---- MATERIAL FOR THIS TASK

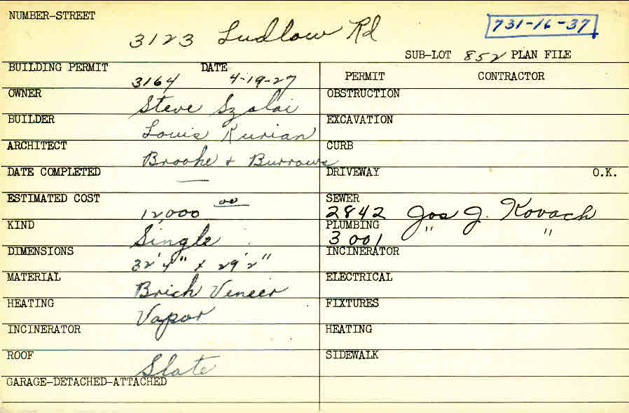 3123 Ludlow Road Shaker Heights, OH 44120 PARCEL ID: 731-16-037 Building Permit Date: 04-19-1927 Plan File Number: 0 Neighborhood: Ludlow Owner: Szalai, Steve Builder: Rurian, Louis Architect: Brooke and Burrows Estimated Cost: 12000 Kind: Single, Single Residence or Dwelling Material: Brick Veneer Heating: Vapor Roof: Slate |
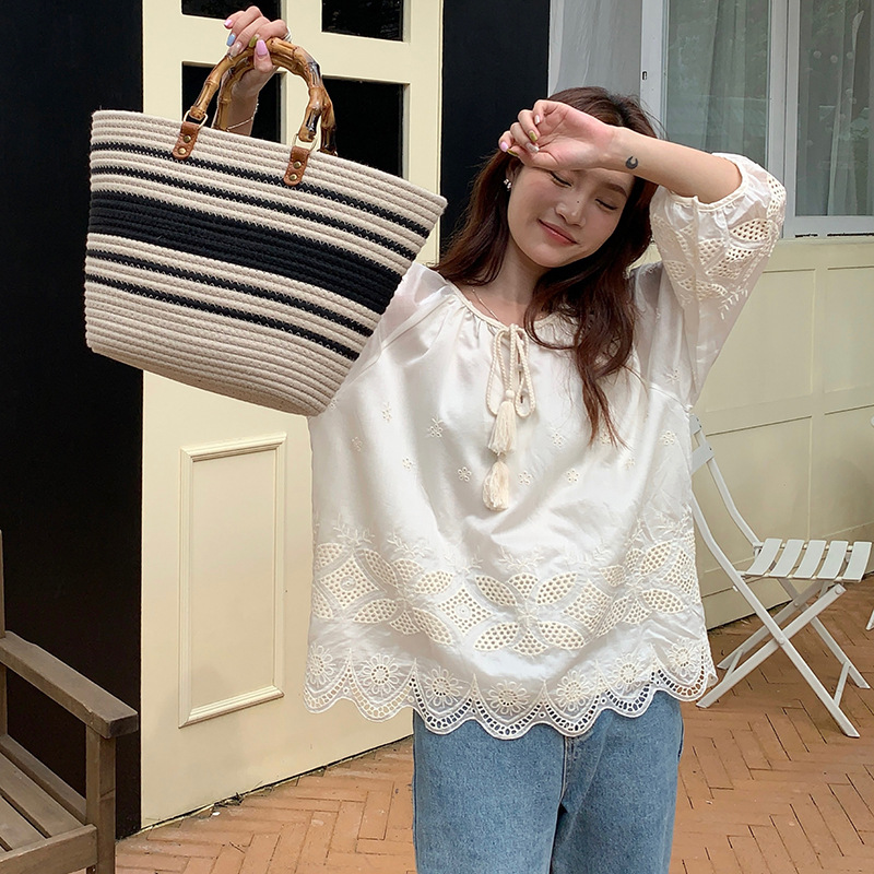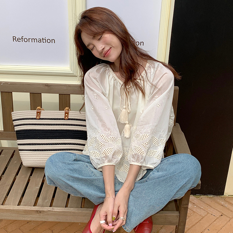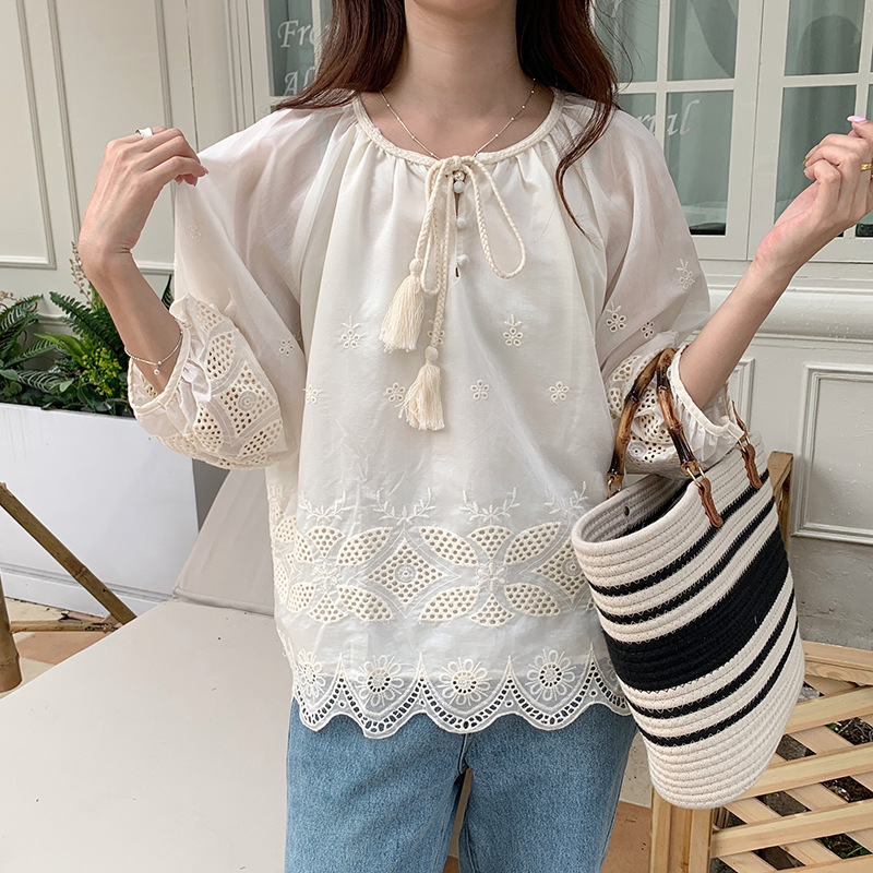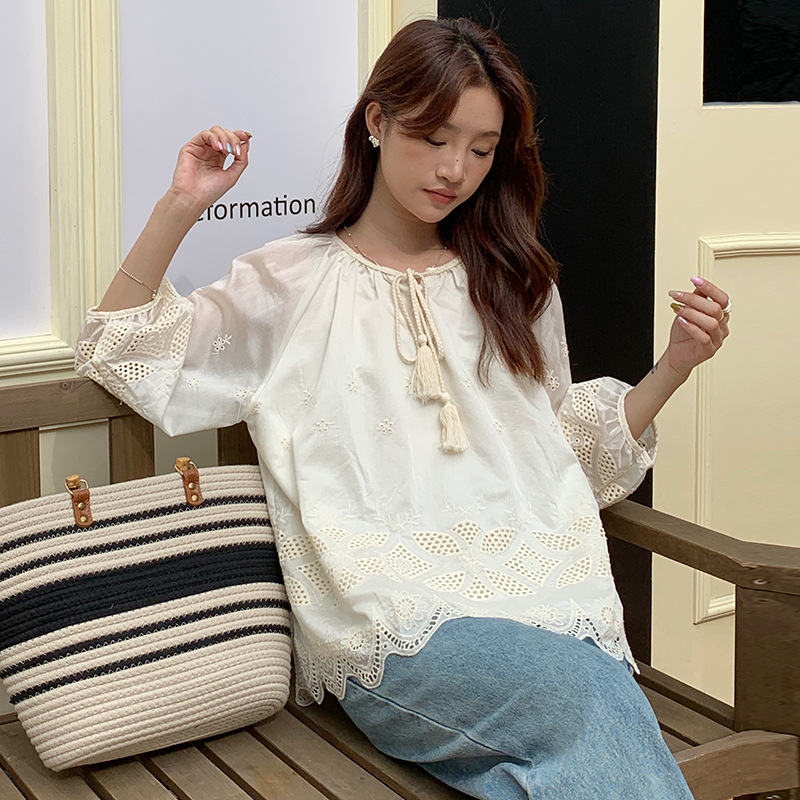 | nameOriginal | 2024 Summer New Korean Style All-match Round Neck Lace-up Lantern Sleeve Seven-point Sleeve Doll Shirt Women's Shirt |
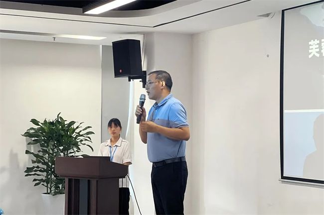 “机会均等,注重贡献,德才是举,是全亿健康一直以来的用人之道。我们相信,每位员工都是宝贵的资产,公司将竭尽所能为各位提供培训和学习机会,帮助大家不断提升自己的知识技能和专业能力,从而实现自我价值的最大化。”吴仲勇强调了企业文化对于员工融入和发展的重要性,并解释了公司价值观、使命和愿景。此外,他还介绍了公司的组织架构,包括各部门的职责和协作方式,让员工们更加了解公司的运作方式。
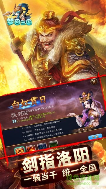 梦回三国满v变态版是一款经典三国题材的卡牌手游,游戏画面设计精美华丽,玩法丰富有趣,华丽特效全屏展现,喜欢三国手游的朋友欢迎来绿色资源网下载试玩!
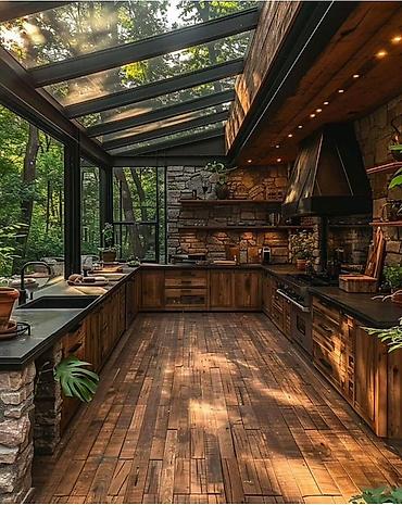 - Проектирование и реализация интерьеров в современном и eco/loft-стиле: гостиные с многоуровневым светом, кухни с панорамным остеклением, камнем и массивом, зонирование уровнями пола, стеклянные ограждения, встроенные очаги.
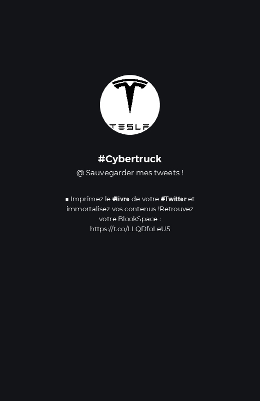 #Cybertruck hizo el libro de sus cuenta de Twitter ! ¡Apoya su creatividad comprando su blook o crea el tuyo ahora en BlookUp!

--------

_EXERCISE AIM_: The reply must consist of the records, repeated exactly, minus any images.

_SOLUTION FOR THIS PROBLEM_:
 3123 Ludlow Road Shaker Heights, OH 44120 PARCEL ID: 731-16-037 Building Permit Date: 04-19-1927 Plan File Number: 0 Neighborhood: Ludlow Owner: Szalai, Steve Builder: Rurian, Louis Architect: Brooke and Burrows Estimated Cost: 12000 Kind: Single, Single Residence or Dwelling Material: Brick Veneer Heating: Vapor Roof: Slate |
 | nameOriginal | 2024 Summer New Korean Style All-match Round Neck Lace-up Lantern Sleeve Seven-point Sleeve Doll Shirt Women's Shirt |
 “机会均等,注重贡献,德才是举,是全亿健康一直以来的用人之道。我们相信,每位员工都是宝贵的资产,公司将竭尽所能为各位提供培训和学习机会,帮助大家不断提升自己的知识技能和专业能力,从而实现自我价值的最大化。”吴仲勇强调了企业文化对于员工融入和发展的重要性,并解释了公司价值观、使命和愿景。此外,他还介绍了公司的组织架构,包括各部门的职责和协作方式,让员工们更加了解公司的运作方式。
 梦回三国满v变态版是一款经典三国题材的卡牌手游,游戏画面设计精美华丽,玩法丰富有趣,华丽特效全屏展现,喜欢三国手游的朋友欢迎来绿色资源网下载试玩!
 - Проектирование и реализация интерьеров в современном и eco/loft-стиле: гостиные с многоуровневым светом, кухни с панорамным остеклением, камнем и массивом, зонирование уровнями пола, стеклянные ограждения, встроенные очаги.
 #Cybertruck hizo el libro de sus cuenta de Twitter ! ¡Apoya su creatividad comprando su blook o crea el tuyo ahora en BlookUp!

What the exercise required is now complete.